No Natal, a época é supostamente de tranquilidade – mas um ano inteiro de tensões contidas por vezes explode em minutos. William Ury, mediador de conflitos americano que já esteve no Médio Oriente, nos Balcãs, na União Soviética, fundou com o antigo Presidente americano Jimmy Carter a International Negociation Network e tem também trabalhado com famílias, diz que quando pergunta "às pessoas qual é o conflito mais difícil para elas quase toda a gente diz que são os conflitos internos". "E não há conflito mais interno do que o que acontece na família." Porque, "por serem próximas, as pessoas estão muito mais susceptíveis à ideia de serem rejeitadas, há muito mais emoções à mistura e sentimentos de exclusão. O paradoxo do conflito é este: acontece mais facilmente com as pessoas mais próximas". O modelo: "Ser-se brando a lidar com as pessoas e firme e justo a lidar com o problema."

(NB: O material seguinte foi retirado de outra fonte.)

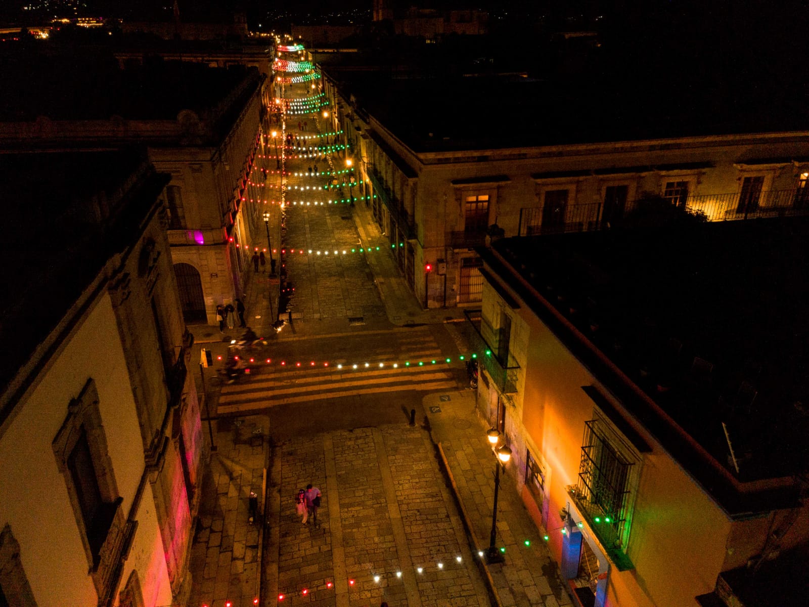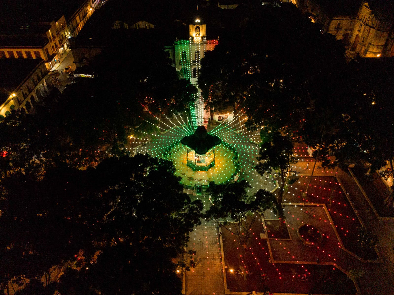 Un equipo de servidoras y servidores públicos del Departamento de Eventos Especiales de esta dependencia colocaron seis mil 600 focos led con luces que hacen alusión a los colores de la bandera mexicana en las calles Manuel García Vigil, Macedonio Alcalá y el zócalo de la capital.
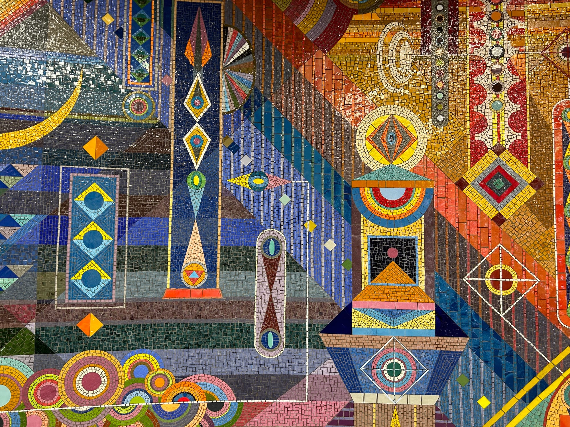 Celestial motifs and cosmological geometries strewn across a prismatic landscape comprise “Abstract Futures” (2025), the newest public artwork to grace the walls of the New York City subway system. Designed by the feminist art collective Hilma’s Ghost, the 600-square-foot glass mosaic mural now greets transit riders between the turnstiles and escalators at the 42nd Street entrance to the 7 train in Manhattan’s Grand Central Station after being installed earlier this month.
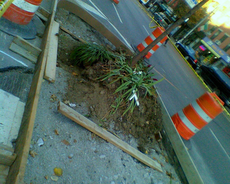 Arriving one Friday afternoon the garden is upside down. After 3 years, the city decides the cement that was used to build the islands was not strong enough. Millions of dollars are spent to re-do the islands. This is what I see.
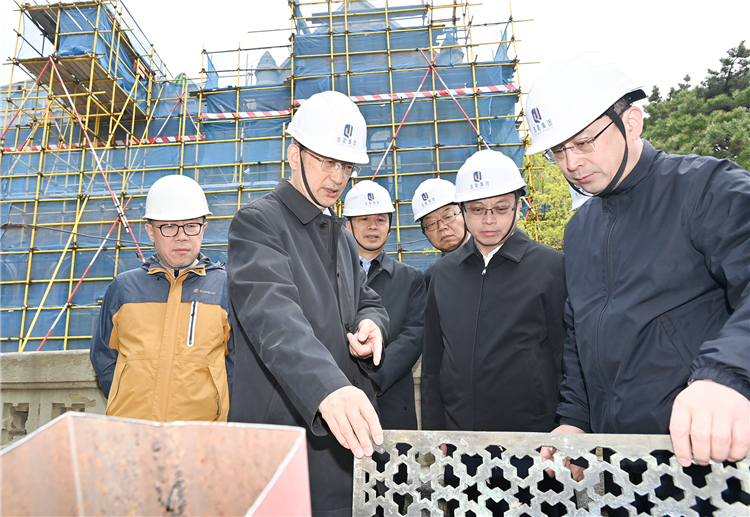 黄强首先来到日本关东军司令官官邸旧址,仔细检查木质梁柱修复情况,强调要深入研究破损部位,既看到“病灶”、也找到“病根”,真正做到标本兼治、有效修复。他叮嘱施工人员务必严禁烟火,确保工程项目绝对安全。黄强强调,日本关东军司令官官邸旧址是极具价值的历史建筑,省委高度重视修缮保护工作。有关方面要严格项目管理,坚持“修一次管一百年”标准,做好木结构防火防腐防虫,努力打造廉洁工程、精品工程,为全省历史建筑修缮恢复树立标杆典范。要坚持周计划、日安排,以并行模式推进施工,切实把责任落实到人。相关干部要大力弘扬“严细实”作风,脚踏实地、真抓实干,多到现场看看、多到工地转转,保证工程进度质量。
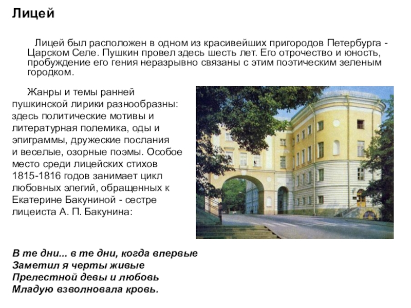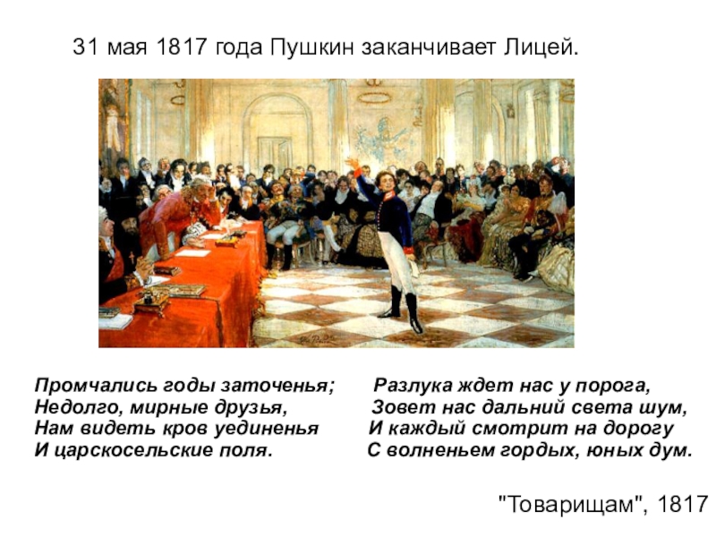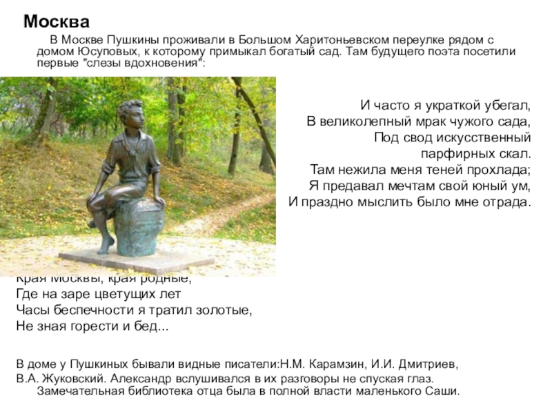 Написаны стихотворения («Вновь я посетил…», «Я памятник себе воздвиг нерукотворный…»), драма «Борис Годунов», критические статьи для созданного им литературного журнала «Современник» (привлечены авторы Н.В.Гоголь, Н.Кольцов, Ф.Тютчев и другие)
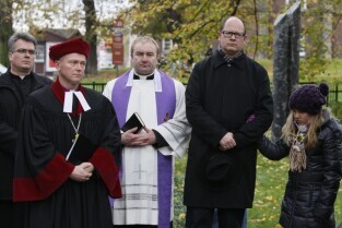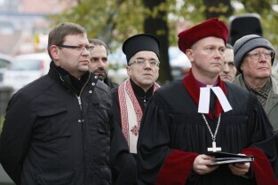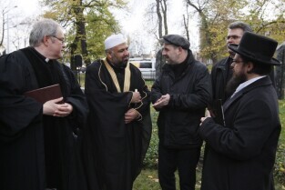 Gdańsk, Cmentarz Nieistniejących Cmentarzy przy ul. 3 Maja. Modlitwa międzywyznaniowa w dniu Wszystkich Świętych, w której udział wzięli przedstawiciele wyznań religijnych obecnych w Gdańsku
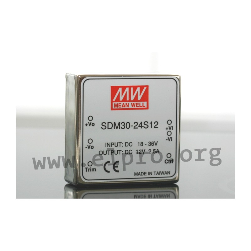 DC/DC-Wandler im 2"x2"-DIL-Gehäuse mit geregelter Ausgangsspannung, Remotesignal zum Ein-/Ausschalten und Eingangsspannungsverhältnis 2:1. Diese Geräte sind für die Montage auf Leiterplatten geeignet und gegen Überlast, Überspannung sowie Kurzschluss geschützt. Sie verfügen über eine galvanische Trennung von Ein-/Ausgang und entsprechen EN55032 Klasse B sowie EN55024. Wir bieten die folgenden Ausführungen dieser Mean Well Serie an: SDM30-12S3, SDM30-12S5, SDM30-12S12, SDM30-12S15, SDM30-24S3, SDM30-24S5, SDM30-24S12, SDM30-24S15, SDM30-48S3, SDM30-48S5, SDM30-48S12 und SDM30-48S15.

Se o Natal pode gerar conflitos familiares, também é particularmente duro para quem está sozinho, sobretudo para os mais velhos. Ou não: viver sozinho é uma das tendências mais importantes desde o baby boom, defende o sociólogo Eric Klinenberg, autor da pesquisa que deu livro Going Solo: The Extraordinary Rise and Surprising Appeal of Living Alone, publicado em Fevereiro. Nos Estados Unidos, um em cada sete americanos adultos vive sozinho, número ainda maior no Japão - 30% das casas - e na Suécia, Noruega, Finlândia e Dinamarca, onde sobe para 40% a 45%. Em Portugal, há três vezes mais pessoas a viverem sozinhas hoje do que em 1960 e aumentaram 37,3% nos últimos dez anos - representam 21% dos agregados familiares. No livro concluiu que, ao contrário do que diz o senso comum, as pessoas que vivem sozinhas não estão nada sozinhas, até socializam mais que as outras.

Voltemos ao autor de The Power of a Positive No: How to Say No & Still Get to Yes e de Getting to Yes: Negotiating Agreement Without Giving In e co-fundador do programa de negociação da Universidade de Harvard, que nos fala do óbvio, mas difícil truque de "saber ouvir". Afinal, no calor do momento de um conflito, como o conseguir? "Os negociadores bem-sucedidos traçam uma linha no cérebro entre os aspectos emocionais, relacionais e psicológicos e o problema, sem os misturar. O que muitas vezes acontece é que o problema - onde vamos passar este Natal, com a minha família ou com a tua? - está carregado de emoções. Depois, o ideal é saber ouvir. Há imensa conversa nas discussões familiares e o que falta é ouvir - e ouvir mesmo, não apenas as palavras mas o que está por detrás delas. Ouvir é uma forma de nos colocarmos no lugar de outra pessoa, ver como ela se sente e pensa, e também é uma forma de respeito", diz.

Ury lembra um ditado: "Quando estiveres zangado, farás o melhor discurso de que mais te arrependerás." É algo que acontece muito no contexto familiar. Por isso, respirar fundo e conter a vontade de responder é essencial. "Uso a metáfora do ir para uma varanda. Todas estas actividades, reuniões familiares, estão a acontecer num palco, há um drama, e toda a gente é um actor numa peça; do que precisamos é da capacidade de nos afastarmos por um momento e ir para uma varanda mental, um sítio de calma e de perspectiva, para pensar naquilo que é realmente importante: a família!"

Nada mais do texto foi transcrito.